Trump congratulated Tsai for becoming the island’s president earlier this year. “During the discussion, they noted the close economic, political, and security ties exists (sic) between Taiwan and the United States,” Trump’s team said in a brief statement.

Other details about the call were not immediately available, but the move risks a diplomatic dispute with China, which considers Taiwan to be an ‘inalienable’ part its territory even though the island has governed itself since the end of the civil war in 1949.

“The Chinese leadership will see this as a highly provocative action, of historic proportions,” Evan Medeiros, the former former Asia director at the White House national security council, told the Financial Times.

Medeiros added: “Regardless if it was deliberate or accidental, this phone call will fundamentally change China’s perceptions of Trump’s strategic intentions for the negative. With this kind of move, Trump is setting a foundation of enduring mistrust and strategic competition for US-China relations.”

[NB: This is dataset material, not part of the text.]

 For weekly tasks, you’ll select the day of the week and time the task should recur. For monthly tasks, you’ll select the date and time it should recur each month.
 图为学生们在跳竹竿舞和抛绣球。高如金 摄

Friday’s conversation is believed to be the first between a U.S. president or president-elect and a leader of Taiwan since the United States cut diplomatic relations in 1979, when the American government recognized the People’s Republic of China to include Taiwan.

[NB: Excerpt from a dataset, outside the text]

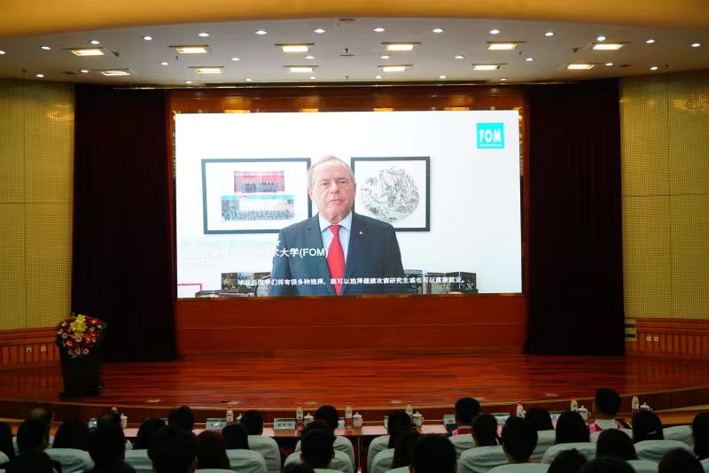 德国FOM大学行政校长白潇乐博士也通过录制视频的形式为2021届毕业生送来了最真挚的祝福。白潇乐博士肯定了中德之间深厚的友谊及山东农业大学和FOM大学的互相信任,由于疫情,2017级中只有少数同学赴德学习,但FOM大学的导师教授依然通过线上学习的方式帮助同学们圆满完成学业,这是中德双方师生高度配合的成果。他强调,随着中德两国贸易往来日益密切,希望同学们作为经济精英为中德双方的经济建设和友好往来做出贡献。

Ever since, the United States has maintained mostly low-level diplomatic contacts with Taiwan through a representative office in Taipei. China fiercely criticized the United States in early 2010 when it sold weapons to Taiwan, prompting China to suspend a number of military exchange programs.

In addition to the unexpected call, the Taipei Times reported that Idaho Republican Party Chairman Stephen Yates is scheduled to meet with President Tsai. Yates confirmed to BNO News that he will travel to Taiwan next week but said he did not know that the meeting with Tsai had been confirmed. He added that Trump’s call was a “courtesy, not a policy.”

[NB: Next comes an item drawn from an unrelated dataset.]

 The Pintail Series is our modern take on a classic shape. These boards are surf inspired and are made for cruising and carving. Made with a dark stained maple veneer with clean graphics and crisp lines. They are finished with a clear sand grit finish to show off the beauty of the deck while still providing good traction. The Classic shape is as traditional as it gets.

China’s foreign ministry did not immediately return a request for comment, but several politicians were quick to question Trump’s move.

Ari Fleischer tweeted that he wasn’t allowed to refer to the government “of” Taiwan when he served as White House press secretary under President George W. Bush. “In summit meetings with China, Chinese leaders began by asking [the president] to restate one-China policy. Trump is changing how we do business with China,” he said, adding: “China will go nuts.”

Earlier this week, Trump sparked anger in India after the Pakistani government released an unusual statement about Trump’s call with Pakistani Prime Minister Sharif. Trump was said to have praised the prime minister and offered to “play any role that you want me to play” to address outstanding issues.